Limitations & Future Work

  • Evaluations were conducted on three cohorts in HEST-1k with intra-tissue splits; zero-shot cross-tissue generalization remains an open question.
  • The iterative cost of diffusion models is high; a fair latency comparison with STFlow (flow matching is typically faster) was not provided. Distillation or consistency models may be needed for clinical deployment.
  • GFM embeddings are offline and frozen per-gene vectors, which do not explicitly model context-dependent gene behavior across different tissues.
  • Testing on Top-200 HMHVG targets "easier" genes. Whether the immunity to the Gene Dimension Curse holds for the full genome (~20K genes) is yet to be determined, as the paper only scales to \(G=800\).
  • vs Stem (Conditional Diffusion on H&E): Stem uses gene-gene attention within spots but ignores spot-spot relationships.
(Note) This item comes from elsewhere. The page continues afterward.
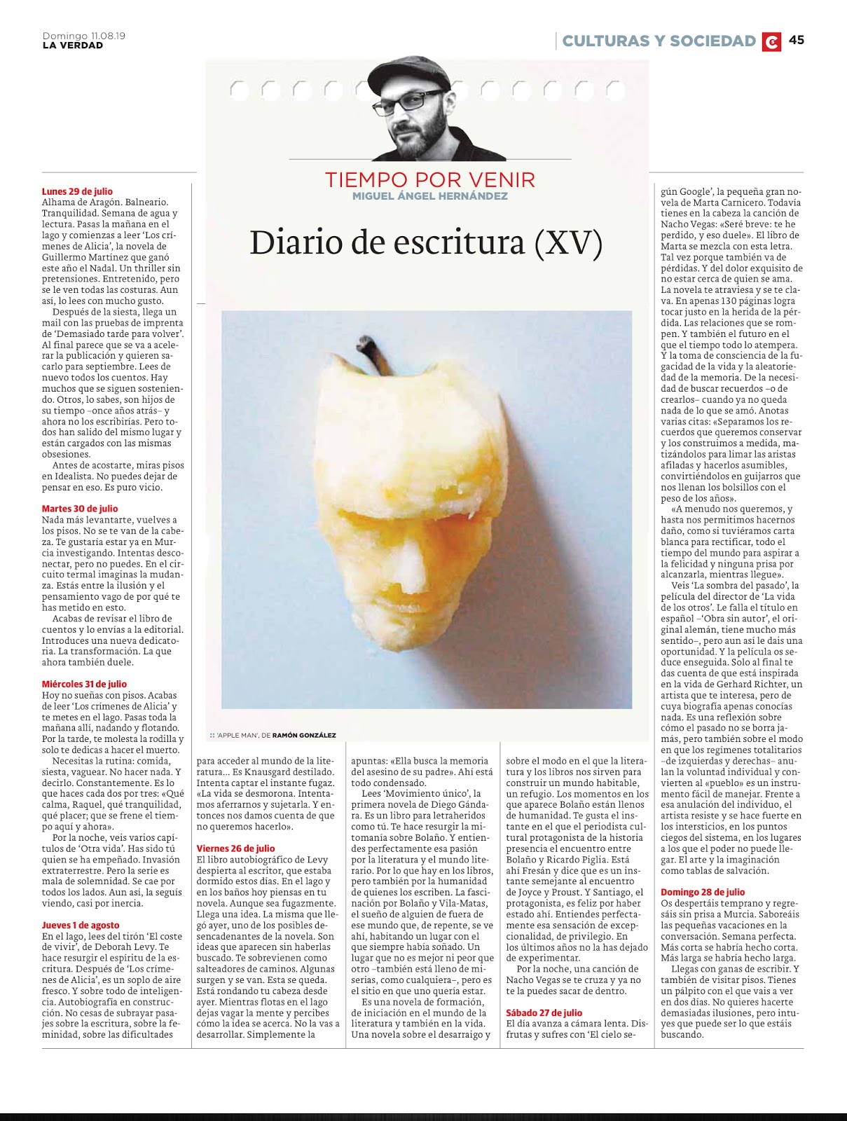 Viernes 1 de agostoEl libro autobiográfico de Levy despierta al escritor, que estaba dormido estos días. En el lago y en los baños hoy piensas en tu novela. Aunque sea fugazmente. Llega una idea. La misma que llegó ayer, uno de los posibles desencadenantes de la novela. Son ideas que aparecen sin haberlas buscado. Te sobrevienen como salteadores de caminos. Algunas surgen y se van. Esta se queda. Está rondando tu cabeza desde ayer. Mientras flotas en el lago dejas vagar la mente y percibes cómo la idea se acerca. No la vas a desarrollar. Simplemente la apuntas: “Ella busca la memoria del asesino de su padre”. Ahí está todo condensado. Lees ‘Movimiento único’, la primera novela de Diego Gándara. Es un libro para letraheridos como tú. Te hace resurgir la mitomanía sobre Bolaño. Y entiendes perfectamente esa pasión por la literatura y el mundo literario. Por lo que hay en los libros, pero también por la humanidad de quienes los escriben. La fascinación por Bolaño y Vila-Matas, el sueño de alguien de fuera de ese mundo que, de repente, se ve ahí, habitando un lugar con el que siempre había soñado. Un lugar que no es mejor ni peor que otro –también está lleno de miserias, como cualquiera–, pero es el sitio en que uno quería estar. Es una novela de formación, de iniciación en el mundo de la literatura y también en la vida. Una novela sobre el desarraigo y sobre el modo en el que la literatura y los libros nos sirven para construir un mundo habitable, un refugio. Los momentos en los que aparece Bolaño están llenos de humanidad. Te gusta el instante en el que el periodista cultural protagonista de la historia presencia el encuentro entre Bolaño y Ricardo Piglia. Está ahí Fresán y dice que es un instante semejante al encuentro de Joyce y Proust. Y Santiago, el protagonista, es feliz por haber estado ahí. Entiendes perfectamente esa sensación de excepcionalidad, de privilegio. En los últimos años no la has dejado de experimentar. Por la noche, una canción de Nacho Vegas se te cruza y ya no te la puedes sacar de dentro.

FLAG uses a graph encoder to capture spatial structure, leading to much higher SSC (0.64 vs. 0.38).
  • vs STFlow (Flow Matching): STFlow uses a graph attention backbone for holistic generation, but spots tend to be "over-correlated." FLAG's decoupled approach allows the SSC scatter plot to align more closely with the diagonal.
  • vs Discriminative TRIPLEX: TRIPLEX is the strongest discriminative baseline for PCC but has a low GSC (0.56) due to over-smoothing. FLAG proves that generative models with structural priors have a structural advantage in fidelity.
  • vs REPA / SVG (Representation Alignment in Visual Diffusion): FLAG adapts the idea of using a frozen encoder as a semantic judge for diffusion models from the visual domain to ST tasks.

Rating

  • Novelty: ⭐⭐⭐⭐⭐ Systematically combines "graph as condition" and "GFM alignment" for WSI→ST while introducing the Gene Dimension Curse and GSC/SSC metrics.
  • Experimental Thoroughness: ⭐⭐⭐⭐ Includes three datasets, full ablation, gene dimension scanning, and two downstream tasks, although it lacks cross-tissue or full-genome scaling.
  • Writing Quality: ⭐⭐⭐⭐⭐ The narrative chain from motivating attempts to failure analysis to the V2 design is exceptionally clear.
  • Value: ⭐⭐⭐⭐⭐ Advances both methodology and evaluation (GSC/SSC), with the potential to reshape standards in the computational pathology community.